These candy boards full of sugar (36 cups sugar, 3 cups water in each) will go on top of the hives, under the inner cover. Bees can get thru wax paper to the sugar, and the upper entrance.
The upper entrance hole drilled into the candy board frame provides a vent to release humidity from the hive. Cold does not kill bees but the wet will, moisture must be released from the hive before it condenses. Another technique for a top vent is to shim one end of the inner cover higher than the other and leaving a gap. The gap is shielded by the telescoping cover, and the slant will help any condensation to run down to one side instead of dripping down on the frames and bees. If you drill a hole in the top box, you have to deal with the hole if you reverse your boxes in the spring. One other way to create a top vent/ entrance is to notch the edge of your inner cover.
Bees do very well with top entrances, and many feral colonies have top entrances, but the bees are really just adapting to the space. The top entrance has advantages of not getting blocked by snow, grass, or dead bees the way a bottom entrance can.

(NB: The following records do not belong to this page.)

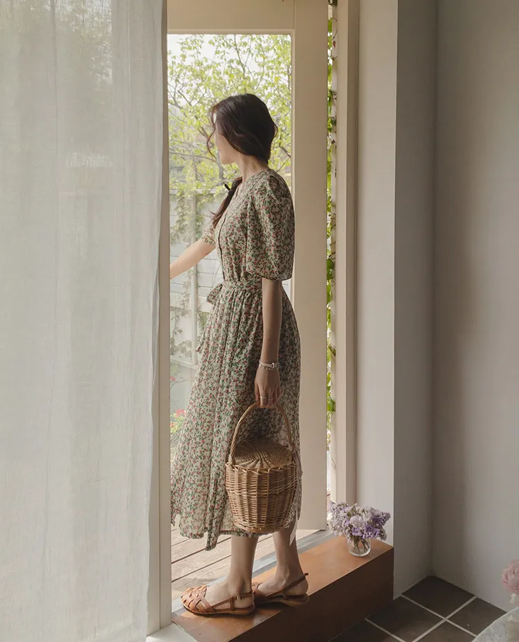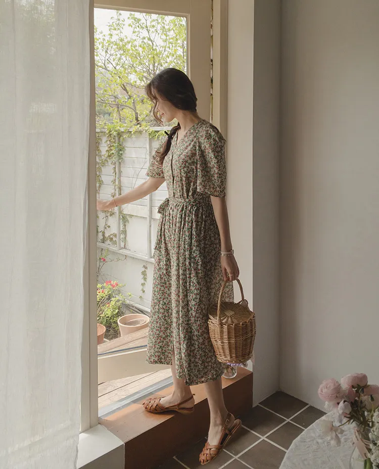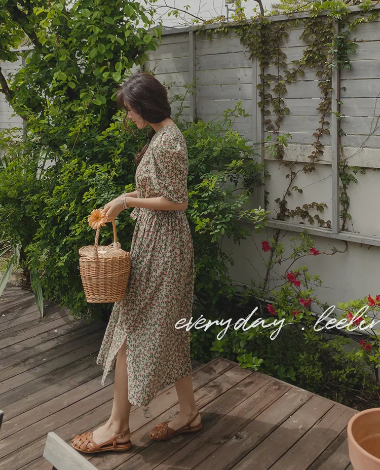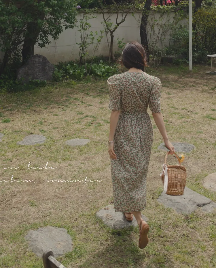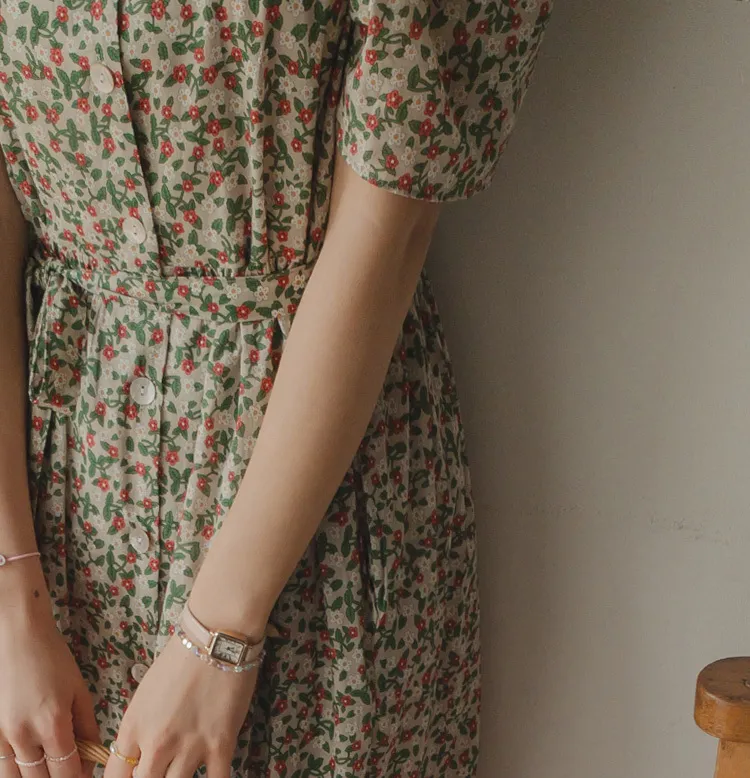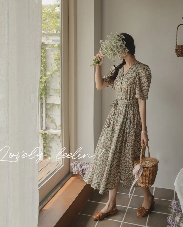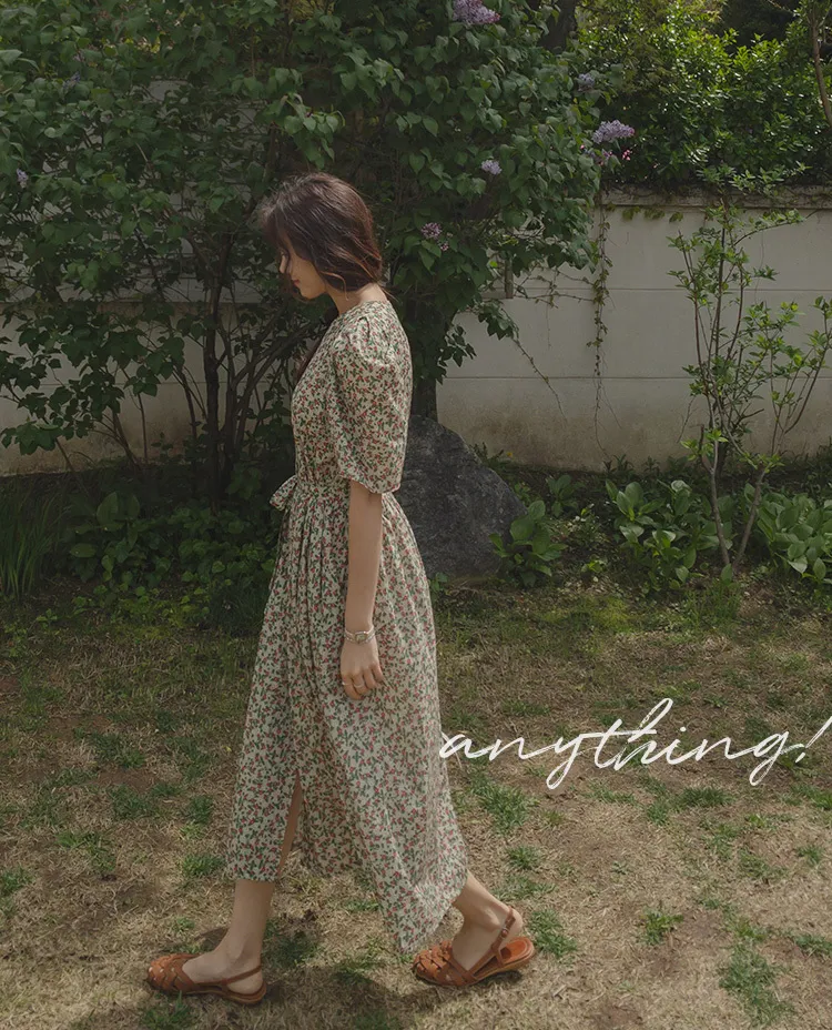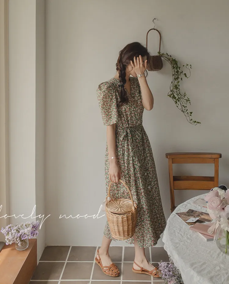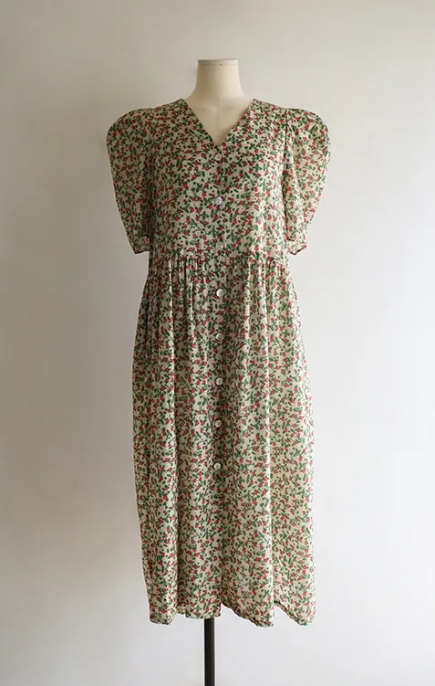 浪漫小花V領排扣泡泡袖連身裙 米色
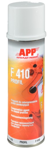 APP F410 Profil Spray jest antykorozyjnym, trwale elastycznym preparatem na bazie wosku i dodatków impregnacyjnych do zabezpieczania profili zamkniętych oraz trudno dostępnych miejsc karoserii samochodowych. Po odparowaniu rozpuszczalnika tworzy ciągłą elastyczną i lepką powłokę ochronną.
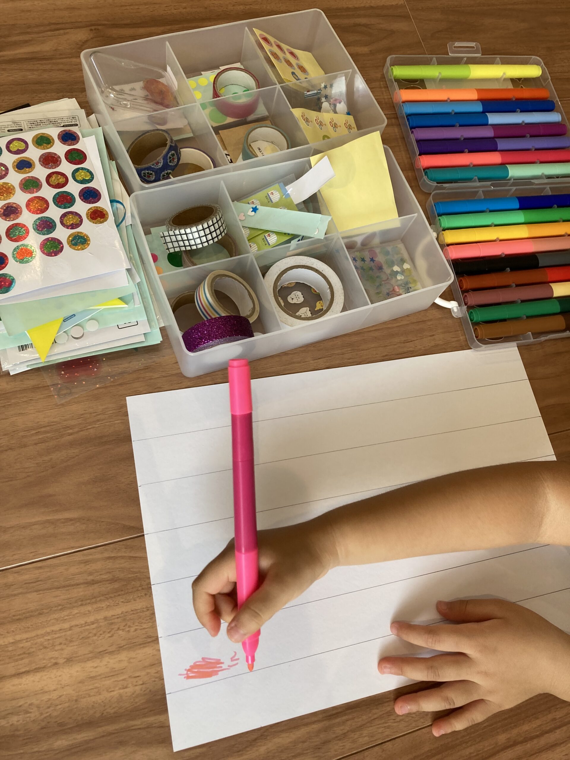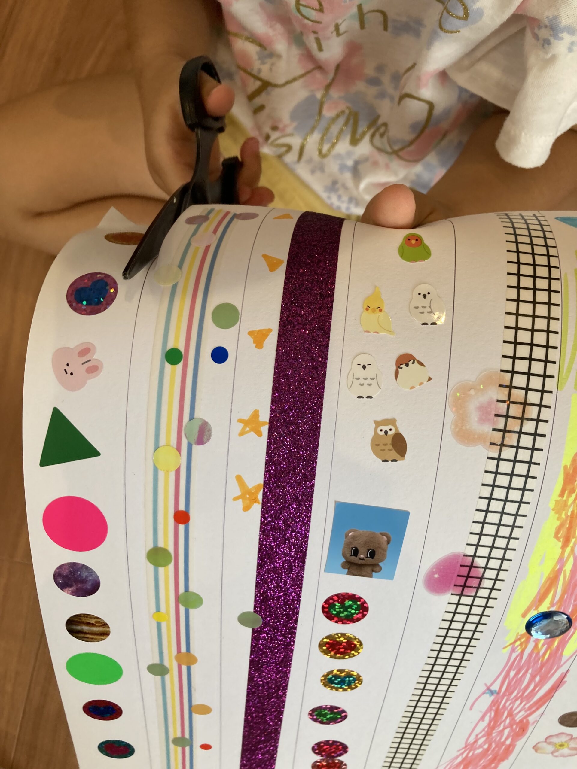 線を引いた画用紙に色を塗ったり、シールを貼ったりします。

It will be 70 Monday, we will install the Boardman feeders as there are no nectar sources (already had a good freeze.) We plan to get one last good inspection, and prep the hives for the colder days immediately following. We will remove the top feeder box from hive 2 and install candy boards on both. Candy boards are made from old chicken coop door.
We have had the entrance reducers on both during the cold spell of the last few weeks, with hardware cloth over the hole as a mouse guard. Dead drones are all over near the entrance; mouse guard doesn't seem to be a choke point for mortician bees.